No problem and likewise! I'll respond with a little more detail in preparation for January while this is fresh in my mind. I think I'm on the right track.

I made defrag_segment_chain print a statement at runtime, and it does get run noticeably more often under the --full-arg setting. That's because we collect segments to the same node every time there's a coancestry event, so that the z.right == alpha.left and z.node == alpha.node constraint on line 915 is much easier to satisfy. My understanding is that running or not running defrag_segment_chain shouldn't make a difference to output, but it seems that it does:

I ran algorithms.py with the same parameters you used, once as-is, and once with the call to defrag_segment_chain on line 922 commented out. Neither run used the --full-arg modifications. The one with defrag enabled gave the same output you saw,

  12        |   11        |   11        |   11        |     10      |   10        | 
┏━┻━┓       | ┏━┻━┓       | ┏━┻━┓       | ┏━┻━┓       |   ┏━┻━━┓    | ┏━┻━┓       | 
┃   9       | ┃   9       | ┃   8       | ┃   10      |   ┃    8    | ┃   7       | 
┃ ┏━┻━┓     | ┃ ┏━┻━┓     | ┃ ┏━┻━┓     | ┃ ┏━┻━┓     |   ┃   ┏┻┓   | ┃ ┏━┻━┓     | 
┃ ┃   6     | ┃ ┃   6     | ┃ ┃   6     | ┃ ┃   6     |   6   ┃ ┃   | ┃ ┃   6     | 
┃ ┃ ┏━┻┓    | ┃ ┃ ┏━┻┓    | ┃ ┃ ┏━┻┓    | ┃ ┃ ┏━┻┓    | ┏━┻┓  ┃ ┃   | ┃ ┃ ┏━┻┓    | 
┃ ┃ ┃  5    | ┃ ┃ ┃  5    | ┃ ┃ ┃  5    | ┃ ┃ ┃  5    | ┃  5  ┃ ┃   | ┃ ┃ ┃  5    | 
┃ ┃ ┃ ┏┻┓   | ┃ ┃ ┃ ┏┻┓   | ┃ ┃ ┃ ┏┻┓   | ┃ ┃ ┃ ┏┻┓   | ┃ ┏┻┓ ┃ ┃   | ┃ ┃ ┃ ┏┻┓   | 
2 1 0 3 4   | 2 1 0 3 4   | 2 1 0 3 4   | 2 1 0 3 4   | 0 3 4 1 2   | 2 1 0 3 4   |

while with defrag commented out I got

  11        |   10        |   10        |   10        | 
┏━┻━┓       | ┏━┻━┓       | ┏━┻━┓       | ┏━┻━┓       | 
┃   10      | ┃   8       | ┃   9       | ┃   7       | 
┃ ┏━┻━┓     | ┃ ┏━┻━┓     | ┃ ┏━┻━┓     | ┃ ┏━┻━┓     | 
┃ ┃   6     | ┃ ┃   6     | ┃ ┃   6     | ┃ ┃   6     | 
┃ ┃ ┏━┻┓    | ┃ ┃ ┏━┻┓    | ┃ ┃ ┏━┻┓    | ┃ ┃ ┏━┻┓    | 
┃ ┃ ┃  5    | ┃ ┃ ┃  5    | ┃ ┃ ┃  5    | ┃ ┃ ┃  5    | 
┃ ┃ ┃ ┏┻┓   | ┃ ┃ ┃ ┏┻┓   | ┃ ┃ ┃ ┏┻┓   | ┃ ┃ ┃ ┏┻┓   | 
2 1 0 3 4   | 1 2 0 3 4   | 2 1 0 3 4   | 2 1 0 3 4   |

I'm not quite sure what to make of that, but I'll try to work on finding out exactly why there's a difference.
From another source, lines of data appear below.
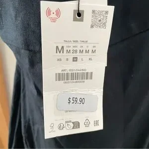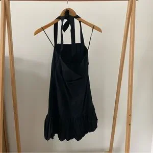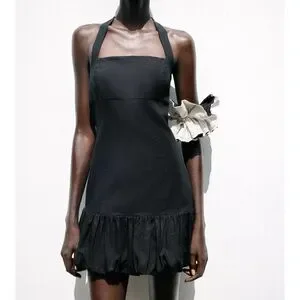 NWT Zara Linen Drop Waist Halter Neck Bubble Hem Mini Dress in Black - M
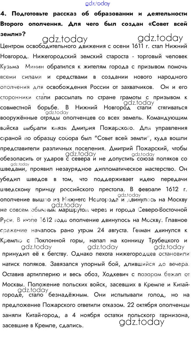 На страницах сайта gdz.today вы найдете учебный и вспомогательный материал, направленный на улучшения знаний школьной программы. ГДЗ - онлайн мир знаний Вопросы и задания §16 4 Учебнику по Истории России для 7 класса Арсентьев, Данилов Просвещение 2016
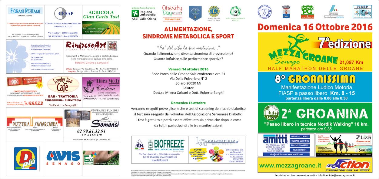 mezzagroaneIn occasione del 40esimo della istituzione del Parco delle Groane e nell’ambito della manifestazione sportiva MezzaGroane patrocinata dal nostro ente, il Parco regionale delle Groane e Atletica Virtus Senago vi invitano alla serata dedicata ai corretti stili di vita e alimentazione che si terrà presso la sala conferenze del Centro Parco Polveriera di Solaro alle 21.00 di venerdì 14 ottobre. La dottoressa Milena Colzani, diabetologa, il dottor Roberto Borghi, medico di Medicina Generale, il dottor Angelo Mazzuccato di ProAction, interverranno sul tema “Fa del cibo la tua medicina: quando l’alimentazione diventa sinonimo di prevenzione? Quanto influisce sulle performance sportive?”. Inoltre domenica 16 si correrà la 7° edizione della MezzaGroane, gara competitiva FIDAL, sulla classica distanza della mezza maratona, contemporaneamente l’8^ edizione della Groanissima, manifestazione ludico motoria FIAPS (8 e 15 Km) aperta a tutti e la 2^ Groanina, camminata Nordic Walking di 10 Km. Tutte e tre le manifestazioni avranno come scenario le piste pedonali del Parco Groane attraversando anche i giardini di Villa Arconati a Castellazzo di Bollate. Per tutte le informazioni scaricate i volantini cliccando QUI e QUI.
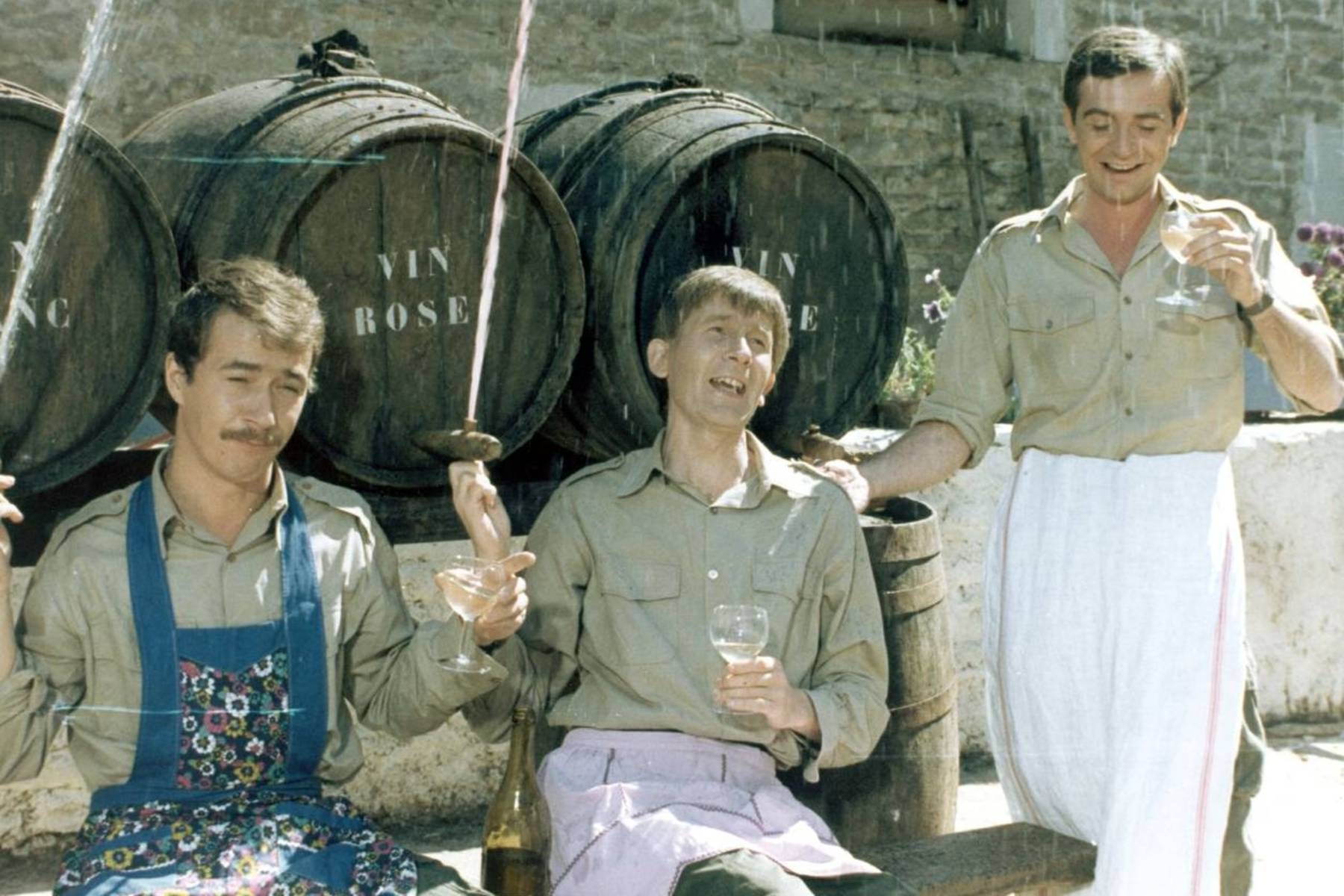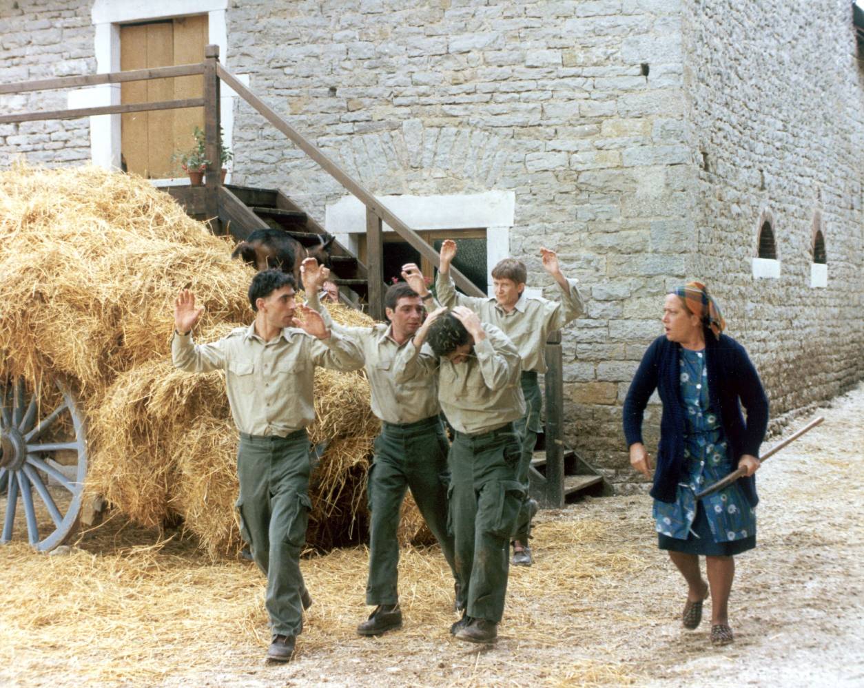 Film Bažanti jdou do boje, který vysílá v neděli a pondělí Nova Cinema, se natáčel v roce 1974 na několika místech v Burgundsku. Konkrétně v Dijonu, na statku u Châteauneuf-en-Auxois nebo u kanálu Bourgogne. Zdánlivě nevinné scény ale nebyly bez rizika. Jean Sarrus si krátce před natáčením zlomil nohu na motorce. Ve scénách, kde pochoduje nebo běhá, ho proto nahradil kaskadér. „Ve filmu je vidět, že mám nohu v sádře, jen ji zakrývá ponožka,“ potvrdil pro web ErreursDeFilms.

jeromekelleher · 2019-01-03T09:14:09Z

That's weird, defrag_segment_chain shouldn't make any difference to the output as it's only cleaning up the internal representation of the state...

Ah, but it does change the random trajectory of the simulation because of the way that recombination breakpoints are chosen, so you can't deterministically compare outcomes with and without defragmentation.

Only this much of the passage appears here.